Give him LIV 52 and Pyridoxine supplements and only go for some rational tests in the future. Monitor his X-rays, ESR which are sufficient.

Take care!
Helpful - 0
Avatar universal
thanx a lot sir
i have few more doubts
kindly give ur views
1.isnt sudden fall of ESR to 45 from 110 within three weeks is noticable?
2.or it may happen?
3.what is the relation  of ESR to AKT4?
4.in the report before AKT4 started the Lymphocytes was 22.1(less) but in latest report it is 31.7(within limits). is improvement due to AKT4 medicine?
5.now SGPT(ALT) wl come down or it may rise further?
6.what are the future complications on the health of lever after the AKT 4 course is completed?
7.since akt4 was started, 10 ml (2 times a day)of liv 52 and Pyridoxine 10 mg a day is being given to him. do u suggest any change in it?
8.even than akt4 can effect the liver?
9.can we go for MRI in place of X Rays?
10.is MRI more harmful than X Ray? or X Ray is more harmful?
11.what is the periodicity we go for X Rays/MRI and ESR tests?
sir, i really appreciate ur prompt and very correct response. this is really a human service u r doing to the patients
regards
Helpful - 0
Avatar universal
MEDICAL PROFESSIONAL
Hello!

I will answer only relevant questions for your son.

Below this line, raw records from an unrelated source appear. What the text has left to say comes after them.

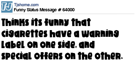 X  Thinks its funny that cigarettes have a warning label on one side, and special offers on the other.
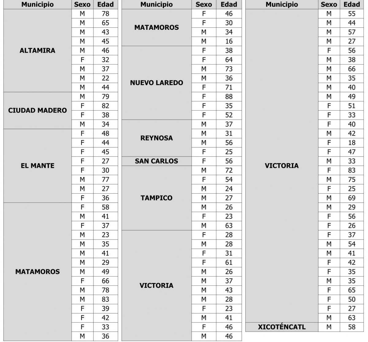 Los nuevos casos fueron confirmados de acuerdo a la siguiente tabla:
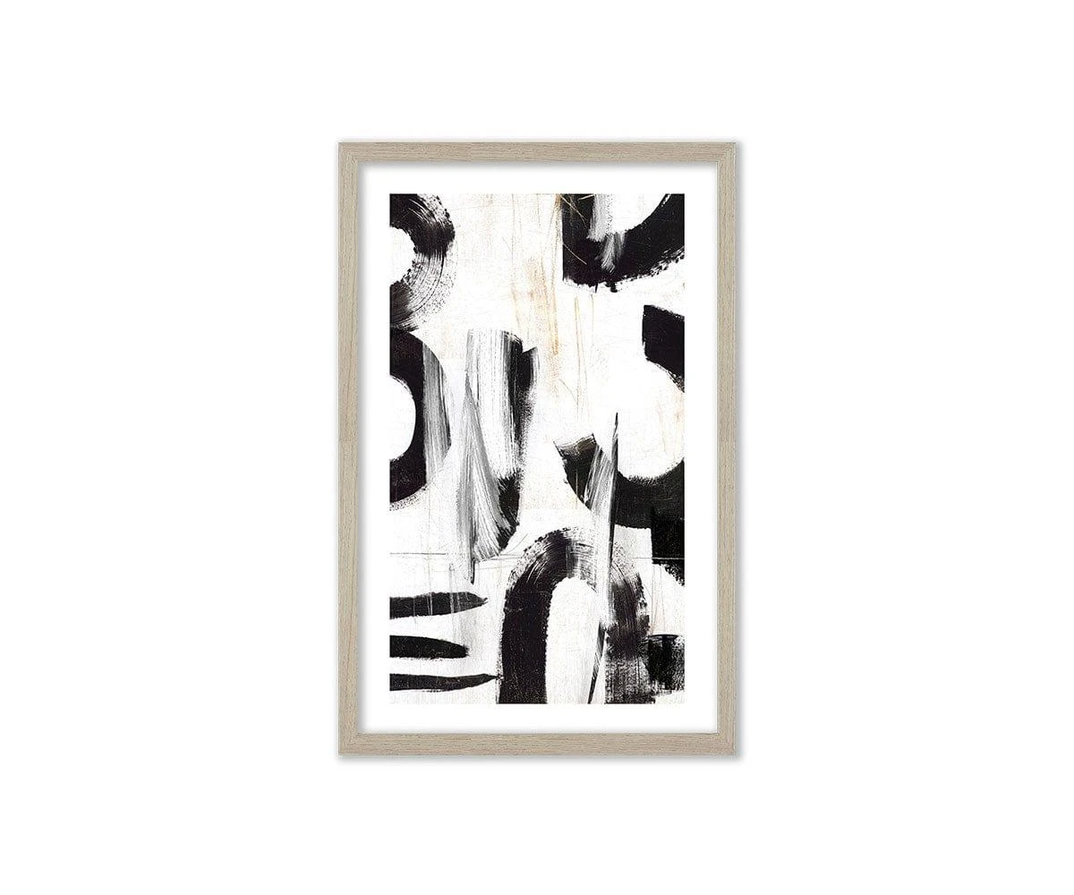 The framed Paper Thoughts I print features a contemporary blend of whimsical, abstract shapes. Starkly contrasting shades of black and white juxtapose to create an eye-catching work of art worthy of any modern space.
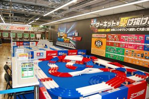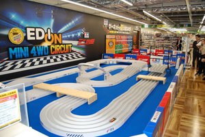 ミニ四駆のサーキットは3レーンと家電量販店初の5レーン樹脂製コースが用意され、商品の品揃えも地域最大級をアピールする。
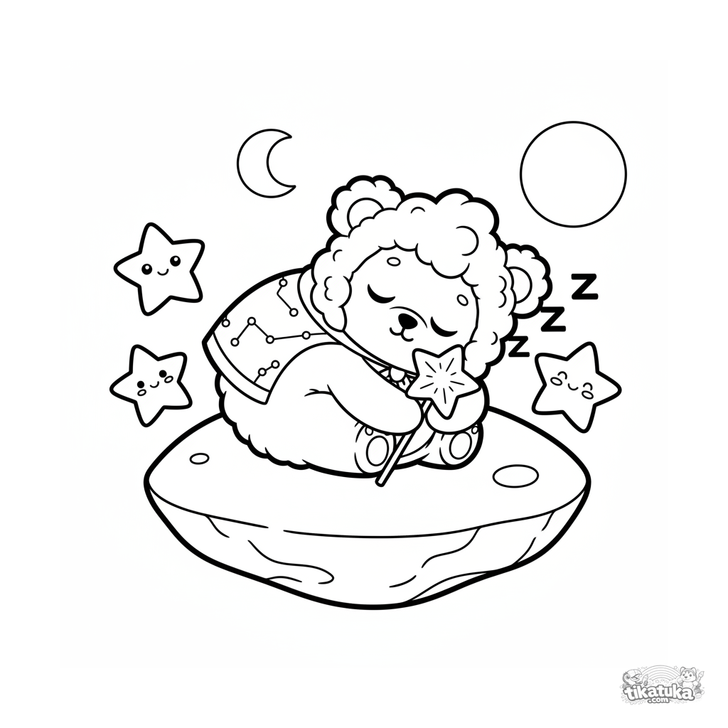 Página para colorear simple para bebés 2-3: un guardián de constelaciones dormilón duerme en una roca flotante, sosteniendo una estrella de noche.

1) ESR denotes his infection with Tuberculosis, but this is not as specific as X-rays.

3) AKT4 is a 4 drug antibiotic which kills the tuberculosis bacteria so all this improvement.

4) Lymphocyte level coming to normal is a good sign

5) SGPT may stabilize and ultimately come to normal if there are no further complications with respect to his liver.

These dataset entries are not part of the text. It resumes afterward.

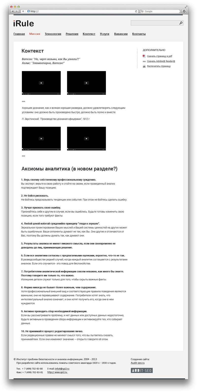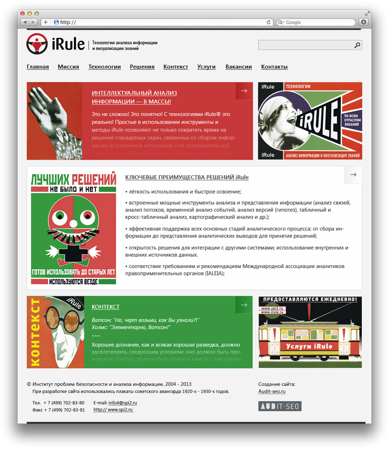 Пожалуй один из самых необычных и интересных проектов прошедшего года. Задача была в том чтобы создать сайт используя рисунки старых плакатов, по возможности ничего в них существенно не меняя, но при этом все композиции должна смотреться гармонично.
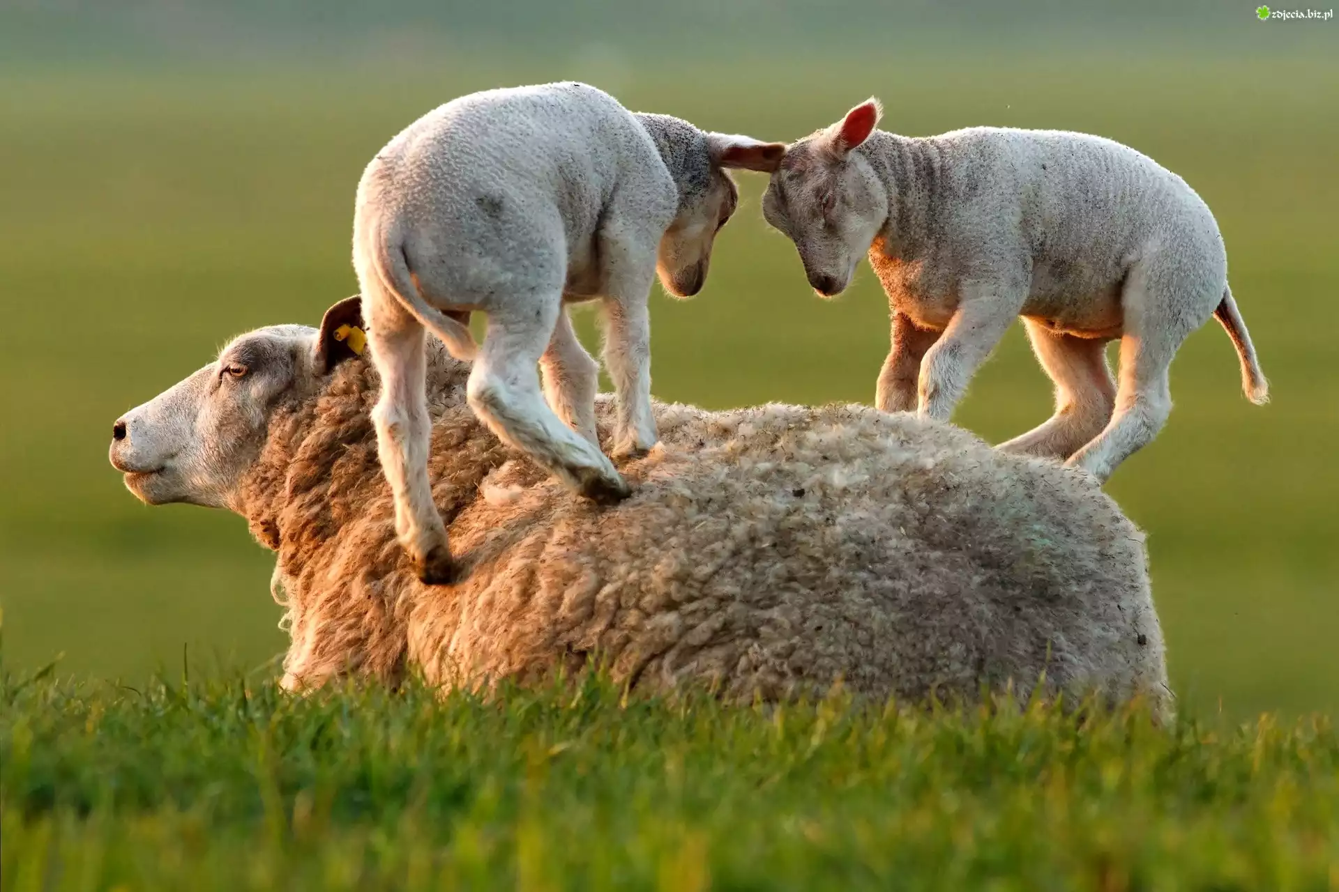 Zdjęcie Łąka, Owca, Jagnięta, Zabawa
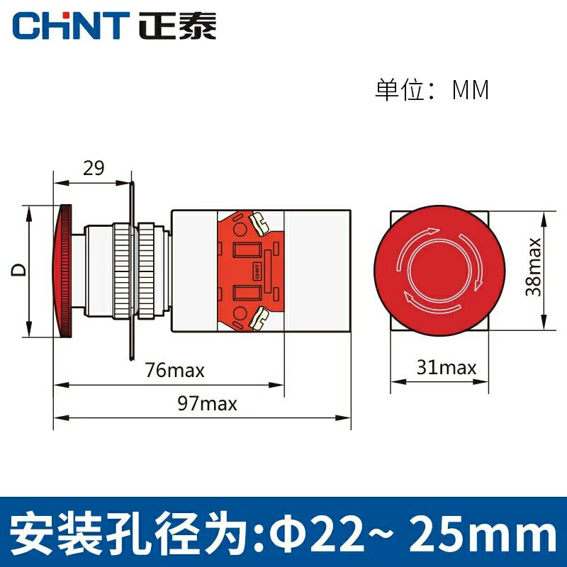 The Chongtai button emergency stop switch NP4 - 11ZS emergency stop lock control button opens the mushroom head lock protection
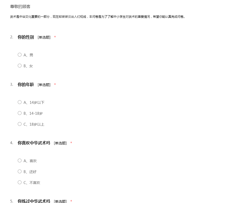 武术是中华文化重要的一部分,现在却渐渐淡出人们视线,本问卷是为了了解中小学生对武术的喜爱情况,希望你能认真完成问卷。
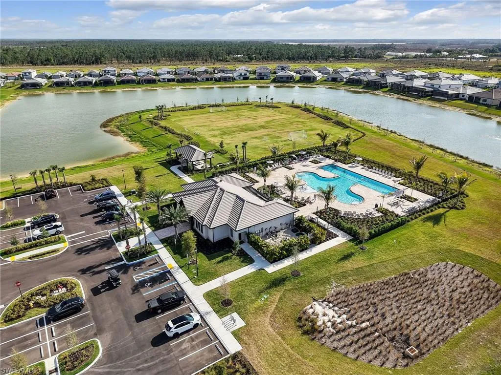 **REDUCED** RARE CENTER-OF-THE-LAKE WATERFRONT HOME WITH BREATHTAKING SUNSET VIEWS IN VERDANA VILLAGE. Located in the completed West Village with no nearby construction, this extensively upgraded Pulte Mystique offers peaceful surroundings and stunning big-water western views with room for a pool. The thoughtfully designed layout features 3 bedrooms plus a den, 2 baths, and an extended great room that creates a spacious, open feel perfect for entertaining. The den with French doors provides flexible space for a home office, media room, or guest area. Luxury upgrades include crown molding, gray soft-close dovetail cabinetry, 8-foot coastal style doors, tray ceilings, ceiling height shower tile, a finished laundry room with cabinets, sink and upgraded washer & dryer, outdoor kitchen pre-plumbing, and a 4-foot extended garage with epoxy flooring. Additional enhancements such as premium window treatments, upgraded lighting & dimmer switches, whole-home water conditioning, enhanced A/C with UV air purification, Storm Smart hurricane shades on the lanai, hard-wired security system, and a screened front entry, all create comfort and peace of mind. Enjoy resort living in Verdana Village with indoor and outdoor pickleball and tennis, multiple pools, fitness centers, bocce, covered playground, multiple on-site dining options, and a vibrant social calendar. Look around – This is a rare opportunity to own an upgraded home on one of the community’s most desirable waterfront lots! One or more photo(s) has been virtually staged, AI generated or rendered.
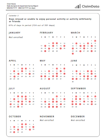 - Hard-to-capture impacts to quality of life become clear through charts, tables & calendars — trial-ready exhibits that quantify & convey instantly clients' real experiences.
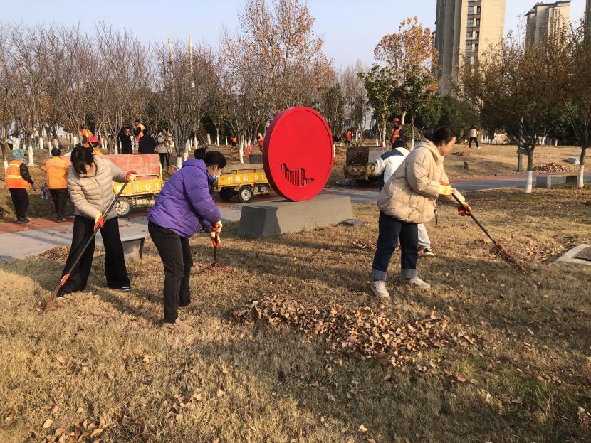 活动现场,党员同志、积极分子分为两拨,分别从创智绿园北门和东门对园内杂草落叶进行清除。在戴好手套,做好防护、防冻措施的同时,纷纷拿着扫帚、耙子等工具,统筹安排、分工劳作,齐心协力,有的用扫帚扫落叶、有的用袋子装落叶、有的用耙子搂落叶……大家忙得热火朝天,充分发扬不怕脏、不怕苦、不怕累的党员先锋本色,创智绿园内处处是同志们清理杂草落叶的身影,构成了一道亮丽的风景线,经过一个多小时的辛勤劳动,两拨队伍顺利“会师”,沿途杂草落叶被清理得干干净净,公园环境也得到明显改善。

6) Liver is a highly regenerative organ and it can withstand these antibiotics course and after 2-3 months he will only take isoniazid and rifampicin so the load will decrease.

7) Continue the same dose of LIV52 and Pyridoxine.

9) X-rays are enough and you can go for them every month for initial 2 months and then after 3 months. Furthermore 3 X-rays are enough.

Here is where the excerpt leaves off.